Pottery is made of clay without kaolin. Kaolin is essential to making porcelain (china), but is not essential nor is it used in making pottery. Pottery is an earthenware and very different in structure from porcelain. Pottery is hardened by heat and is made of a mixture of coarse clay, which produces the rough texture from which it gets its common name. Basically, pottery is a pliable earthen clay, not containing kaolin, and is therefore easily molded, shaped, fired, and hardened for commercial use. The epoxy-resinous composition described herein looks like and hardens to the rough consistency of pottery and may be used for filling and mending missing pieces, as well as for producing a bisque finish or structural coating. The composition described herein is excellent for restoring and finishing soft paste pottery referred to as faience or majolica.
A great need exists for a mending and restoring material externally identical or interchangeable with pottery and similar ceramics such as faience, majolica, soft paste ware, which requires no kiln or firing and which is hardenable thermo-genetically, air-drying, and self-curing, and which may be applied with a brush or by hand. Such material is essentially useful for pottery repair and coating finishes stone-like in nature, and as a coating material to fashion identical finishes over broken areas of an existing pottery or ceramic article. The material should harden without being subjected to high temperatures and could be used with considerable convenience and efficiency to repair or modify ceramics, pottery, decorated by paint or otherwise and materials which would normally be destroyed by subjection to high temperatures or re-firing. The material desirably could exhibit a small coefficient of expansion, matching that of pottery. The material composition desirably could withstand high temperatures to which a chinalike object may be subjected in use, such as when being cleaned in a dishwasher. Once cured, the material should be impervious to hot or cold water, acids, stains, saline solutions and the like.

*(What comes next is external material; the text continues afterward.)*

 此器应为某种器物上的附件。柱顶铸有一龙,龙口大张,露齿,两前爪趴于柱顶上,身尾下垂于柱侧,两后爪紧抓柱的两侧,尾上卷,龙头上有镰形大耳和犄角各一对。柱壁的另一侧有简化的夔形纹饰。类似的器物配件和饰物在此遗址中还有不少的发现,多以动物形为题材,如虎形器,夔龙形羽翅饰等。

It is an object of the present invention to provide a material which is capable, without firing, of hardening into a hard and pottery-like coating substance.
It is an object of this invention to provide a conveniently hardenable coating compound which is sufficiently strong and exhibits the lustrous or the bisque finish or stoneware ceramics and pottery.
It is similarly an object of this invention to provide a composition which sets to a structurally hard coating, mortar-like in its consistency and adhesiveness, which may be substantially externally indistinguishable from the ceramic to which it is applied.
It is another object of this invention to provide a coating compound which hardens to a rigid bond substantially impervious to water and to changes of temperature.
It is another object of this invention to provide a ceramic coating or mortar which is thermogenetic, and which hardens without heating or baking, fairly rapidly.
It is similarly an object of this invention to provide a composition which can be mixed with oil base paints to enable a ceramist or china-mender to simulate and restore the ceramic article he is mending, in such a manner that the bisque or stoneware surface of the article is restored to perfection and the damage is invisibilised.
It is another object of this invention to provide an adhesive structural pottery-like coating composition which readily hardens at room temperatures.
It is another object of this invention to provide a coating composition having a low coefficient of expansion similar to that of pottery or stoneware.
It is another object of this invention to provide materials for the repair, modification and resurfacing of pottery and the like without heating of any kind and without high temperature treatment.